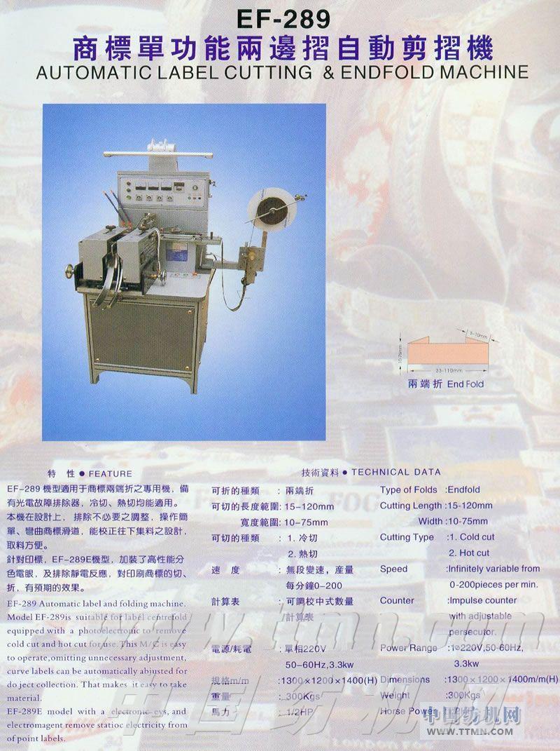 EF-289商標單功能兩邊摺自動剪摺機 -- 臺灣優耀企業有限公司
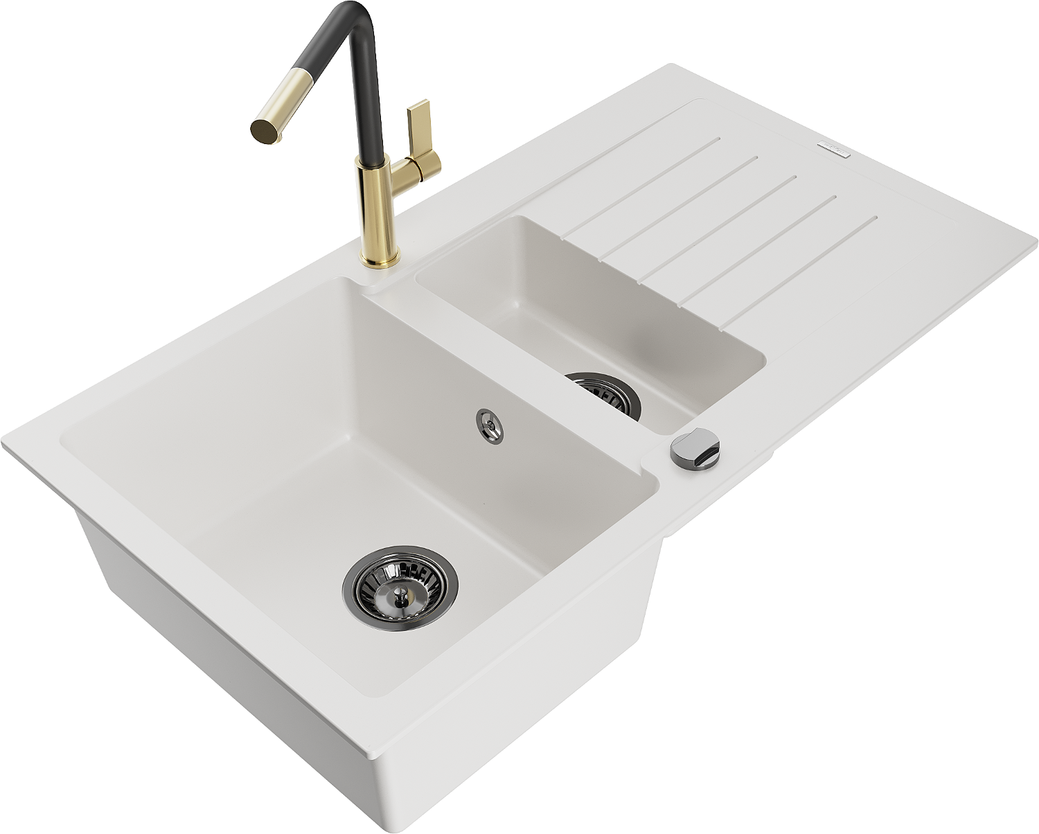 Mexen Matias granitový drez 1,5-komorový s odkvapkávačom a kuchynskou batériou Flora, biely - 6502-20-670401-57-B
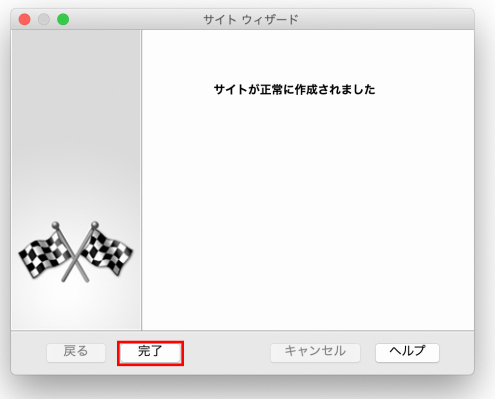- 「サイトが正常に作成されました」と表示されるため、【完了】をクリックします
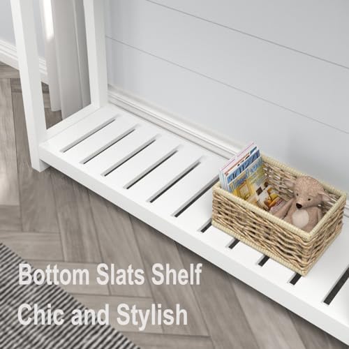 - AMPLE STORAGE: The bottom slats shelf of this entry table offers extra storage space, keeping your essentials organized and within reach. Whether it's books, magazines, or decorative items, this shelf ensures your belongings are neatly displayed while contributing to the overall design.
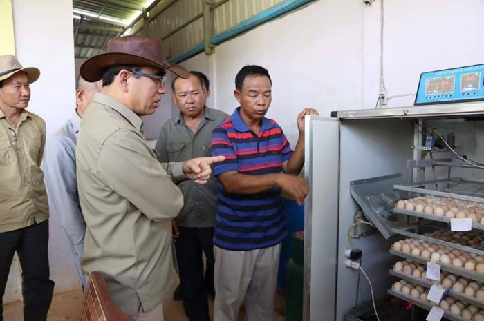 ចេញពីក្រុងស្វាយរៀង ឯកឧត្តមរដ្ឋមន្ត្រី និងអភិបាលរងខេត្ត បានបន្តមកភូមិតាជ័យ ឃុំកំពង់ចម្លង ស្រុកស្វាយជ្រុំ មកពិនិត្យការភ្ញាស់ស៊ុតមាន់របស់បង តូច សេង។ បង សេង បានឲ្យដឹងថា គ្រួសារគាត់ដំបូងឡើយបានទទួលមេមាន់ចំនួន ២៨ក្បាល និងឈ្មោល៤ក្បាលពីគម្រោងឈ្មោះថា "ការជំរុញកំណើនវិស័យកសិកម្មប្រកបដោយចីរភាព និងបរិយាប័ន្នលើអនុវិស័យជលផល និងផលិតកម្មសត្វ" ដែលទទួលបានថវិកាពីសហភាពអឺរ៉ុប។ ដោយទទួលបានការបណ្តុះបណ្តាលបច្ចេកទេសចិញ្ចឹម និងភ្ញាស់ពីមន្រ្តីជំនាញនៃអគ្គនាយកដ្ឋានសុខភាពសត្វ និងផលិតកម្មសត្វ រួមផ្សំជាមួយការខិតខំប្រឹងប្រែងជាបណ្តើរៗកន្លែងភ្ញាស់ស៊ុតមាន់របស់លោកមានការវិវឌ្ឍន៍រីកចម្រើននាថ្ងៃនេះ។ ជាក់ស្តែងក្នុង១ខែ លោកអាចបញ្ចេញកូនមាន់ឲ្យទីផ្សារពី ៤-៥ពាន់ក្បាល ក្នុង១ក្បាល តម្លៃ៥ពាន់រៀល ហើយកំពុងតែពង្រីកបន្ថែមដើម្បីឆ្លើយតបតាមតម្រូវការទីផ្សារ។ និយាយក្នុងទឹកចិត្តសប្បាយរីករាយថា ដោយសារគម្រោងនេះធ្វើឲ្យគាត់មានអាជីពមួយស្ថិតស្ថេរ រឹងមាំ ដែលអាចរកចំណូលបានជាង ២ម៉ឺនដុល្លារក្នុង១ឆ្នាំ។ ដោយសារចំណូលដ៏ខ្ពស់នេះ ធ្វើឲ្យគ្រួសារលោកសេងមានជីវភាពធូរធារ ជួបជុំកូនចៅ មានការសិក្សា និងមានសុភមង្គលក្នុងគ្រួសារ។
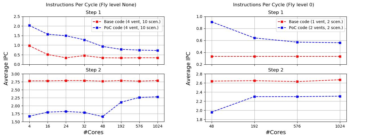 For this use case, parallel efficiency is excellent making the code’s scalability acceptable. However, the very low average IPC leaves room for improvement. Both configurations show slow sequential code and Python’s runtime takes a large number of instructions for solving the problem.
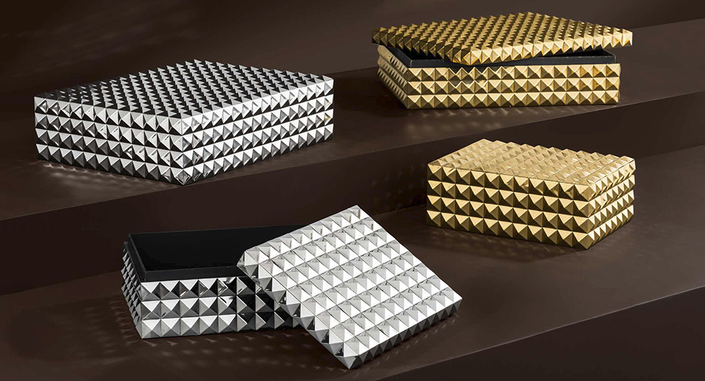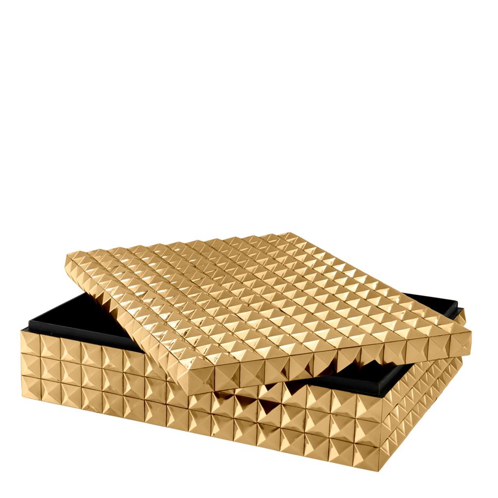 Прямоугольная шкатулка Box Vivienne L. Стильный аксессуар выполнен из металла золотого цвета с фактурной поверхностью.
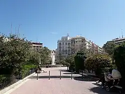 In 1860, the plaza, hitherto known as "Plaza Industrial" was named Plaza de Olavide.[1] By that time, most of the population of the slum of Chamberí lived around the place.[2]
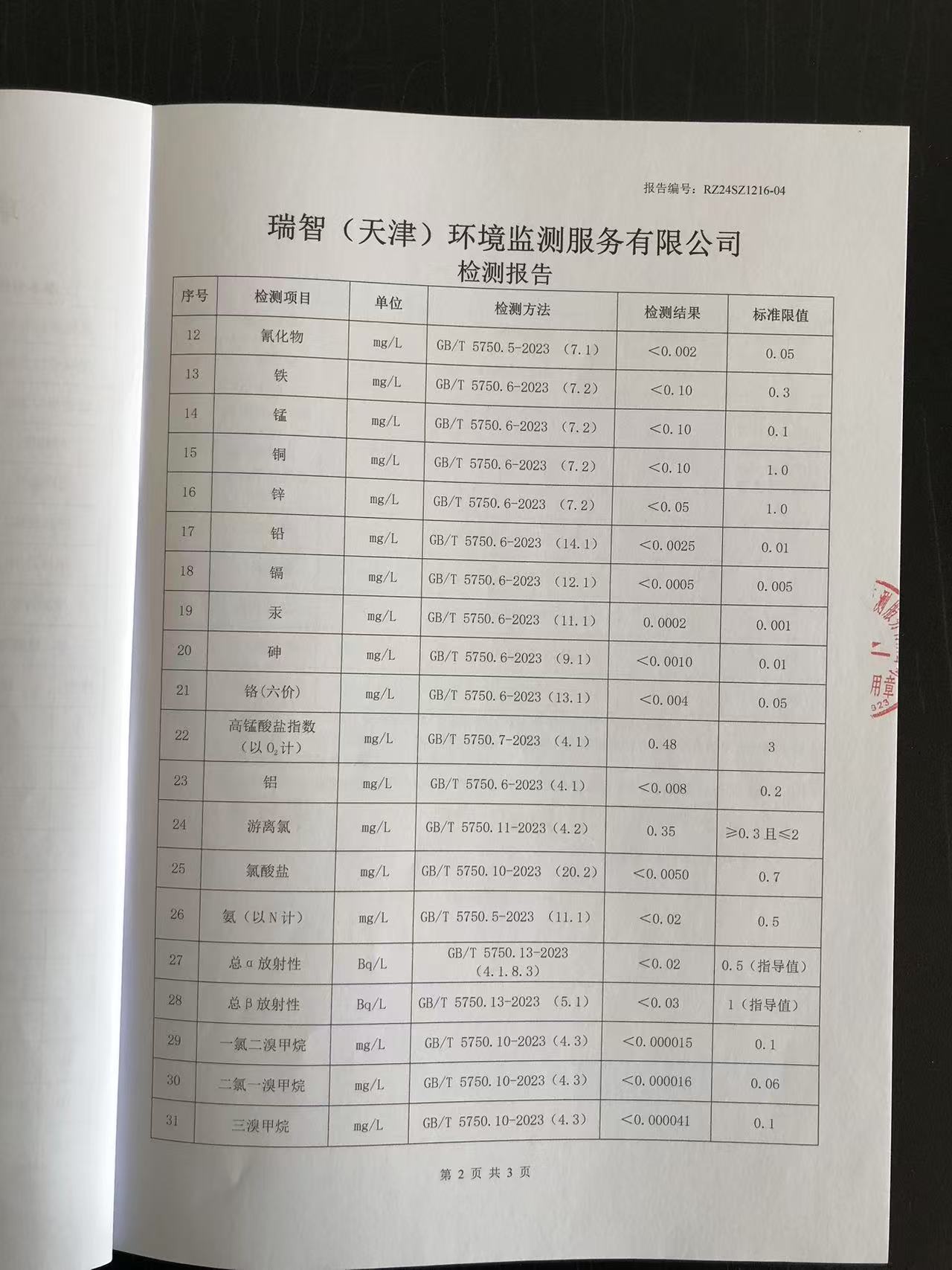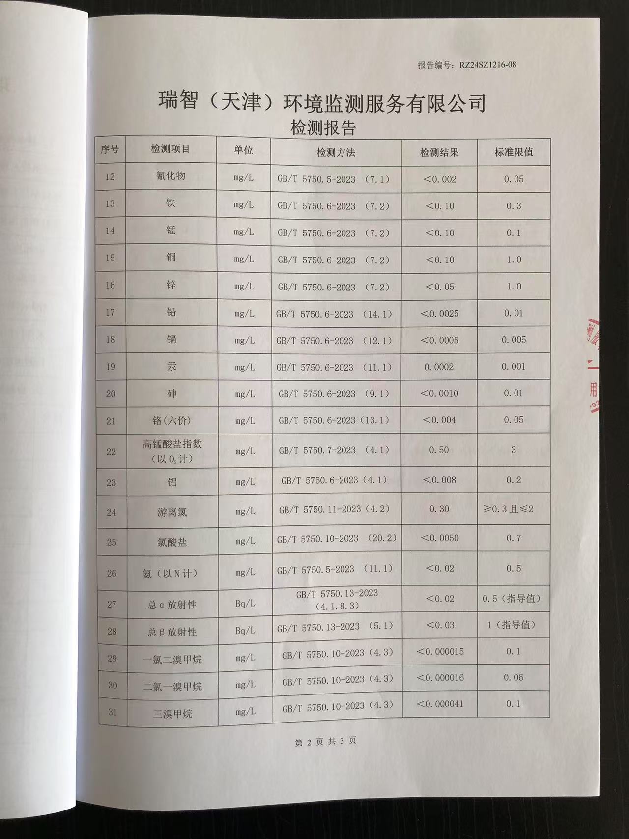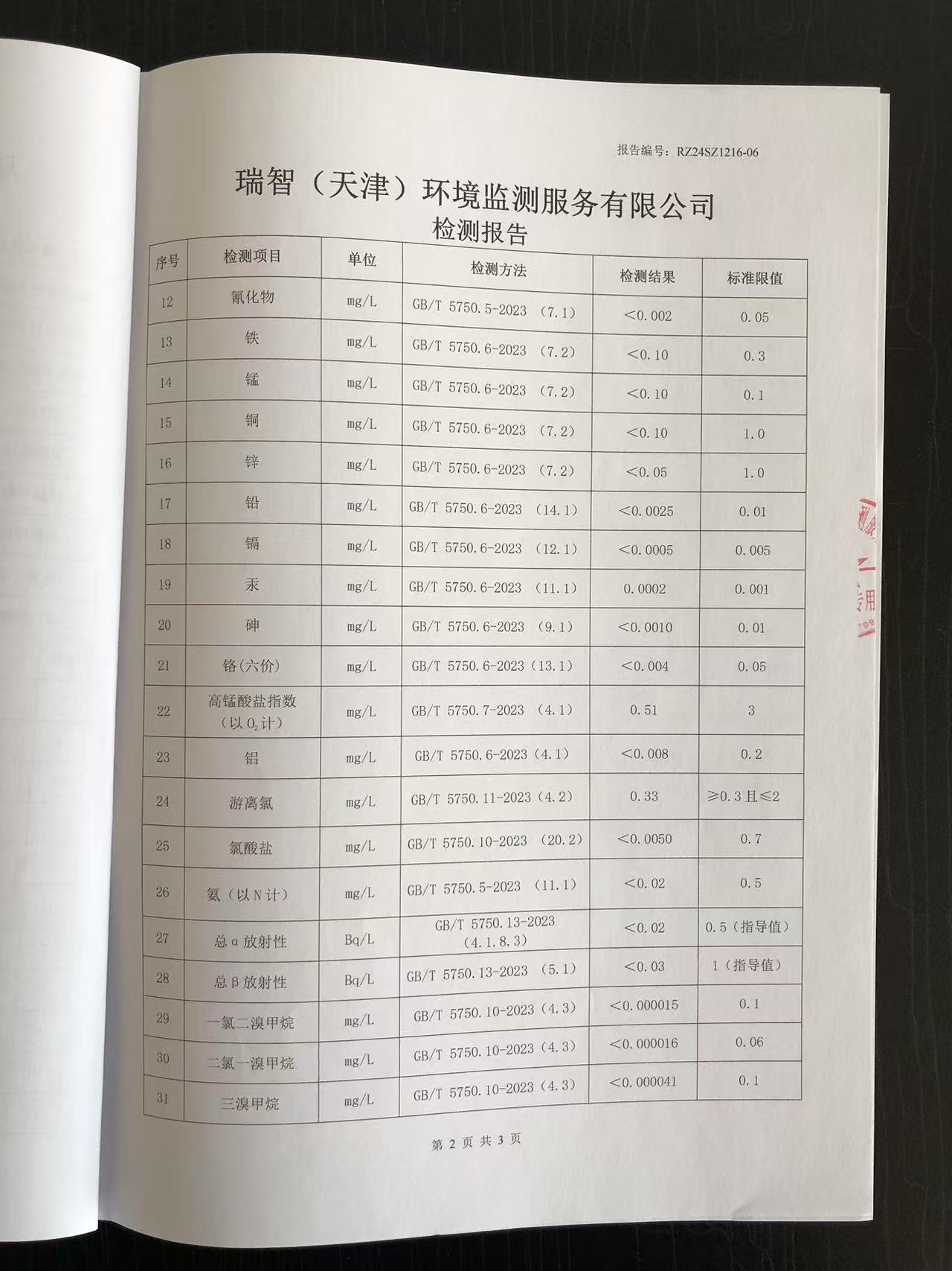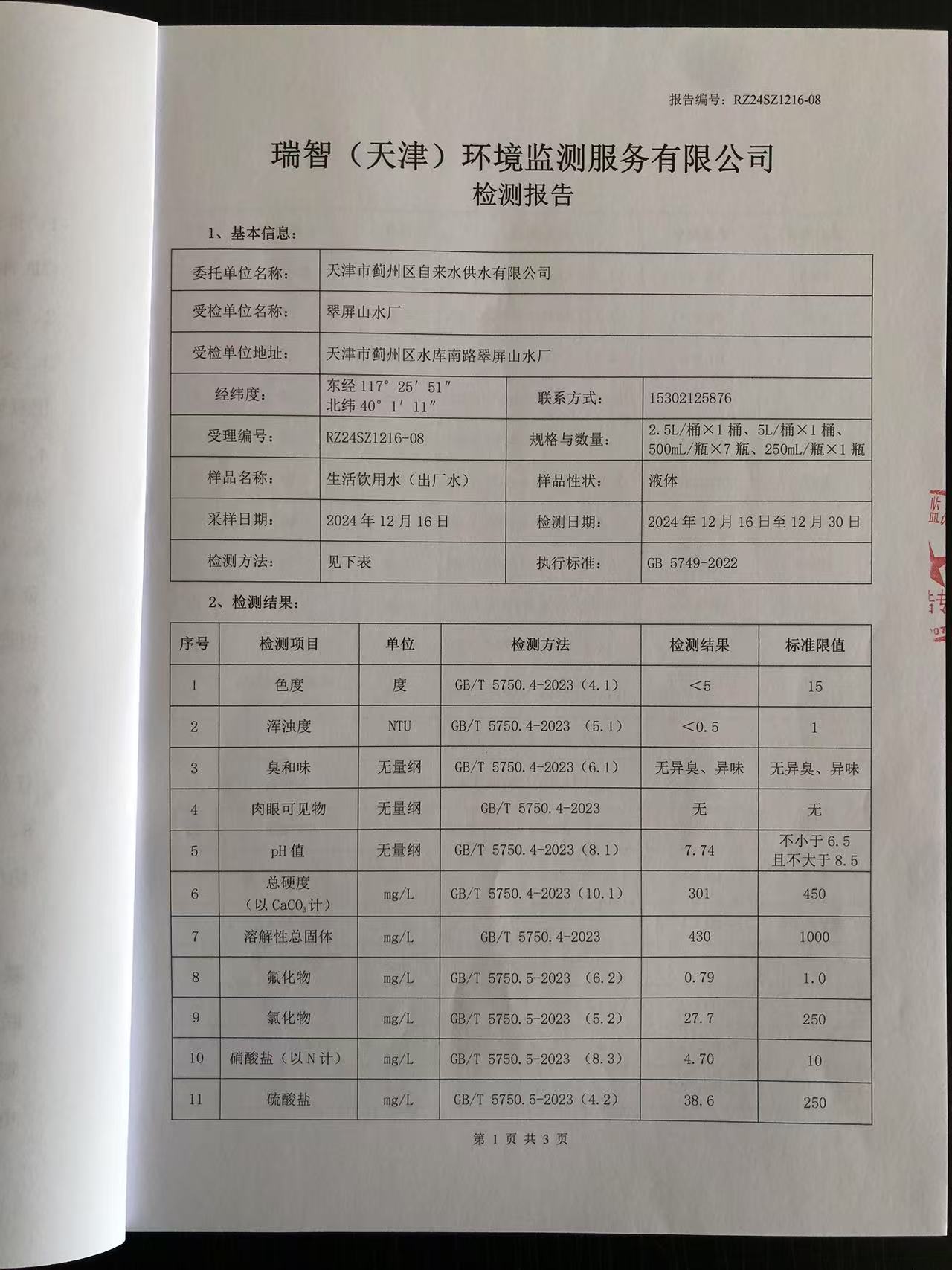 2024年12月份水質(zhì)檢測報告
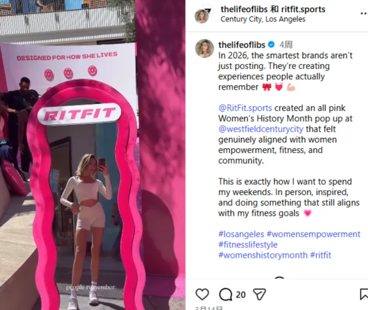 巨大的 KOL 裂变效应:活动现场设置了“DESIGNED FOR HOW SHE LIVES”(专为她的生活方式设计)的粉色波浪形打卡镜。社媒博主 thelifeoflibs 忍不住在 IG 上发文盛赞:“在 2026 年,最聪明的品牌不仅是在发帖,而是在创造让人真正记住的体验。这场全粉色的妇女节快闪活动,真正地契合了女性赋权、健身与社区精神。这就是我周末想做的事。”
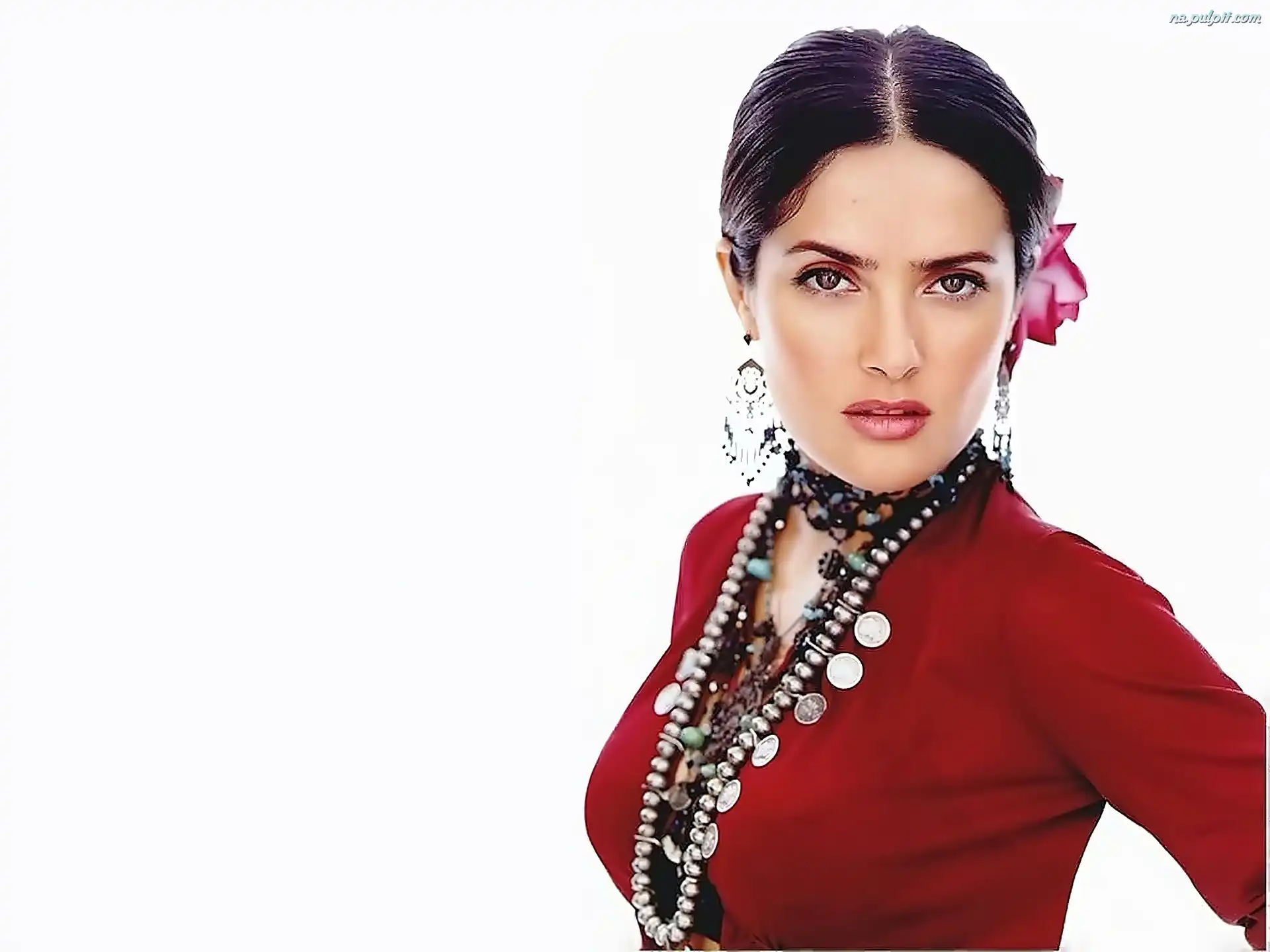Naszyjniki, Czerwona, Salma Hayek, Bluzka

_ _ _ _ _

__EXERCISE AIM__.
Pictures aside, return exactly the lines from the data above, starting at the line that has "Прямоугольная шкатулка Box" and ending at the line that has "In 1860, the", both included.

__SOLUTION FOR THIS EXERCISE__.
 Прямоугольная шкатулка Box Vivienne L. Стильный аксессуар выполнен из металла золотого цвета с фактурной поверхностью.
 In 1860, the plaza, hitherto known as "Plaza Industrial" was named Plaza de Olavide.[1] By that time, most of the population of the slum of Chamberí lived around the place.[2]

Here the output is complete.